US 12,287,848 B2
Learning Mahalanobis distance metrics from data
Mikhail Yurochkin, Cambridge, MA (US); Debarghya Mukherjee, Kolkata (IN); Moulinath Banerjee, Portage, MI (US); Yuekai Sun, Ann Arbor, MI (US); and Sohini Upadhyay, Cambridge, MA (US)

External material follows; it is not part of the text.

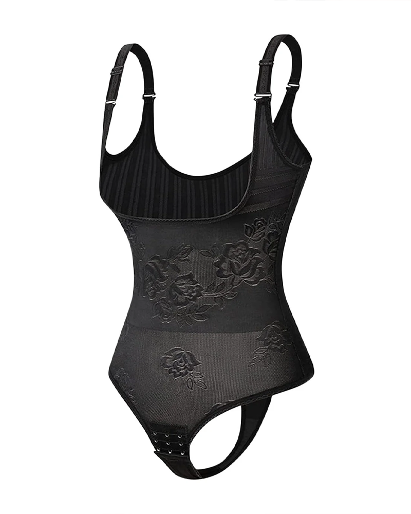 Flower Patterned Bodysuit With Exposed Chest Lifted Buttocks Tummy Control And Bust Support

Assigned to International Business Machines Corporation, Armonk, NY (US); and Regents of the University of Michigan, Ann Arbor, MI (US)
Filed by International Business Machines Corporation, Armonk, NY (US); and REGENTS OF THE UNIVERSITY OF MICHIGAN, Ann Arbor, MI (US)
Filed on Jun. 11, 2021, as Appl. No. 17/345,730.
Prior Publication US 2022/0405529 A1, Dec. 22, 2022
Int. Cl. G06F 18/22 (2023.01); G06F 18/20 (2023.01); G06F 18/214 (2023.01); G06F 18/40 (2023.01); G06N 3/08 (2023.01)
CPC G06F 18/22 (2023.01) [G06F 18/214 (2023.01); G06F 18/285 (2023.01); G06F 18/40 (2023.01); G06N 3/08 (2013.01)] 20 Claims
OG exemplary drawing
 
1. A method for improving algorithmic fairness of machine learning models using learned fair Mahalanobis distance similarity metrics, the method comprising:
obtaining training data comprising similarity annotations;
determining one model out of a plurality of models to use in learning a Mahalanobis covariance matrix Σ based on the obtained training data;
learning the Mahalanobis covariance matrix Σ from the obtained training data using the determined one model, wherein the Mahalanobis covariance matrix Σ represents a fair Mahalanobis distance similarity metric; and
training one or more machine learning models using, at least in part, the fair Mahalanobis distance similarity metric, for one or more machine learning model tasks.